I don't really understand your problem description. If you are looking
for polynomials B and E satisfying your equation, then you are not
looking for roots of polynomials – and for performance, you should not
try using a generic solve call for this question; instead, use gcd with
three outputs:

>> syms a b x
>> A = x^4+a*x-2;
>> D = x^3-b*x^2+7;
>> C = (a-b)*x^4-3*x+2;
>> [g,s,t] = gcd(A,D,x);
>> B = simplify(s*C/g)

B =

((3*x - a*x^4 + b*x^4 - 2)*(- a^2*b*x + a^2*x^2 - a*b^4*x + a*b^3*x^2 +
21*a*b*x - 2*a*b - 14*a*x^2 + 2*a*x - 2*b^4 + 2*b^2*x^2 + 49*b^2 -
98*b*x + 42*b + 49*x^2 - 14*x + 4))/(7*a^3 + 7*a^2*b^3 - 147*a^2 +
14*a*b^2 - 4*a*b + 1029*a - 4*b^4 + 196*b^2 + 112*b - 2393)

>> E = simplify(t*C/g)

E =

-((3*x - a*x^4 + b*x^4 - 2)*(a^3 + a^2*b^3 + a^2*x^3 - 21*a^2 +
a*b^3*x^3 + 7*a*b^2*x + 2*a*b^2 + 7*a*b*x^2 - 14*a*x^3 + 2*a*x^2 + 147*a
+ 2*b^3*x^2 + 2*b^2*x^3 + 14*b^2 - 49*b*x^2 + 28*b*x + 4*b + 49*x^3 -
14*x^2 + 4*x - 343))/(7*a^3 + 7*a^2*b^3 - 147*a^2 + 14*a*b^2 - 4*a*b +
1029*a - 4*b^4 + 196*b^2 + 112*b - 2393)

>> simplify(B*A+D*E)

ans =

a*x^4 - 3*x - b*x^4 + 2



If C/g is not a polynomial, the equation has no solution.




Christopher

Christopher Creutzig <Christopher.Creutzig@mathworks.com> wrote in message <4E4E1598.9010601@mathworks.com>...
> On 18.08.11 23:08, kamuran turksoy wrote:
>
> > You are right i am looking for roots of two polynomials.
> >
> > C=A*B+D*E here C, A and D polynomials are know, but B and E polynomials are unknown.
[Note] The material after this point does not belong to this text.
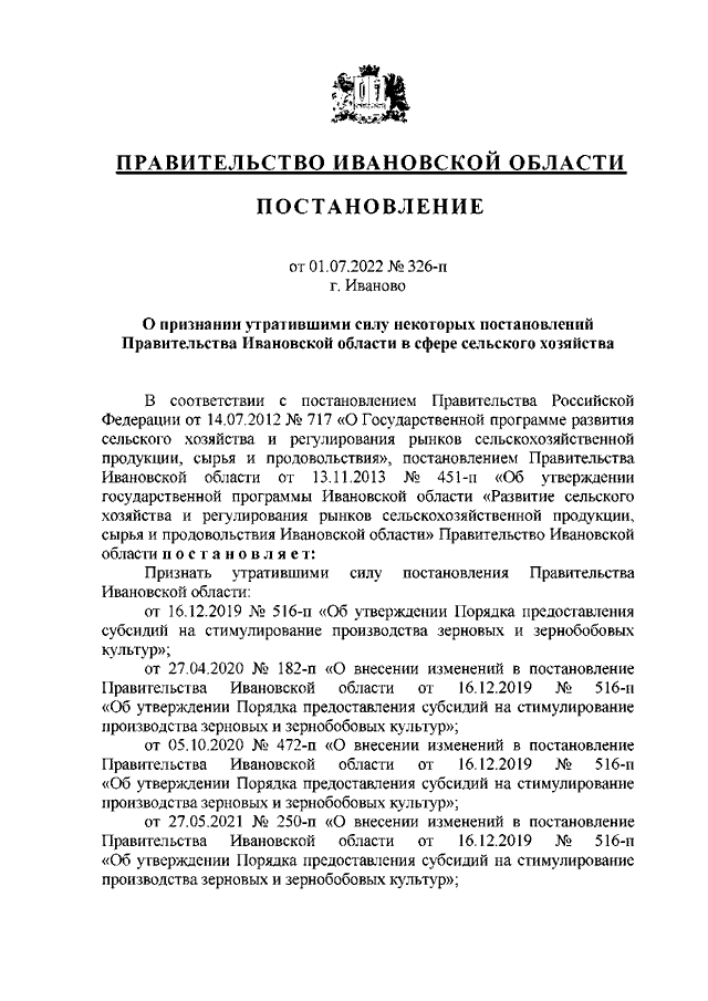 Постановление Правительства Ивановской области от 01.07.2022 N 326-п "О признании утратившими силу некоторых постановлений Правительства Ивановской области в сфере сельского хозяйства"

We only know orders of them, coefficients are symbolic. The aim it to find these coefficient or B and E polynomials.
> > B=1+a1*x+a12*x^2+a3*x^3...+a20*x^20
> > E=1+b1*x+b12*x^2+b3*x^3...+b20*x^20
> >
> > The only why that i could solve this problem that i found is symbolic solution, i could not find any other way. but i mentioned before with symbolic it is very slow.
>
> I don't really understand your problem description. If you are looking
> for polynomials B and E satisfying your equation, then you are not
> looking for roots of polynomials – and for performance, you should not
> try using a generic solve call for this question; instead, use gcd with
> three outputs:
>
> >> syms a b x
> >> A = x^4+a*x-2;
> >> D = x^3-b*x^2+7;
> >> C = (a-b)*x^4-3*x+2;
> >> [g,s,t] = gcd(A,D,x);
> >> B = simplify(s*C/g)
>
> B =
>
> ((3*x - a*x^4 + b*x^4 - 2)*(- a^2*b*x + a^2*x^2 - a*b^4*x + a*b^3*x^2 +
> 21*a*b*x - 2*a*b - 14*a*x^2 + 2*a*x - 2*b^4 + 2*b^2*x^2 + 49*b^2 -
> 98*b*x + 42*b + 49*x^2 - 14*x + 4))/(7*a^3 + 7*a^2*b^3 - 147*a^2 +
> 14*a*b^2 - 4*a*b + 1029*a - 4*b^4 + 196*b^2 + 112*b - 2393)
>
> >> E = simplify(t*C/g)
>
> E =
>
> -((3*x - a*x^4 + b*x^4 - 2)*(a^3 + a^2*b^3 + a^2*x^3 - 21*a^2 +
> a*b^3*x^3 + 7*a*b^2*x + 2*a*b^2 + 7*a*b*x^2 - 14*a*x^3 + 2*a*x^2 + 147*a
> + 2*b^3*x^2 + 2*b^2*x^3 + 14*b^2 - 49*b*x^2 + 28*b*x + 4*b + 49*x^3 -
> 14*x^2 + 4*x - 343))/(7*a^3 + 7*a^2*b^3 - 147*a^2 + 14*a*b^2 - 4*a*b +
> 1029*a - 4*b^4 + 196*b^2 + 112*b - 2393)
>
> >> simplify(B*A+D*E)
>
> ans =
>
> a*x^4 - 3*x - b*x^4 + 2
>
>
>
> If C/g is not a polynomial, the equation has no solution.
>
>
>
>
> Christopher


Dear Christopher

I really appreciate for your solution. Actually i tried to use gcd before but i got some errors, but now i followed your solution and it works.

Thank you very much

I have a somewhat similar problem with symbolic calculations being really slow in MuPad. I'm using a code that was developed for Maple and am now working with 2010b where it's really slowed down. I would really appreciate any ideas on how to speed this up.
The entire function (a snipet here) sometimes takes 1 sec and sometimes 20 sec for the same calculation and slows down even more if I also carry large matrices with me.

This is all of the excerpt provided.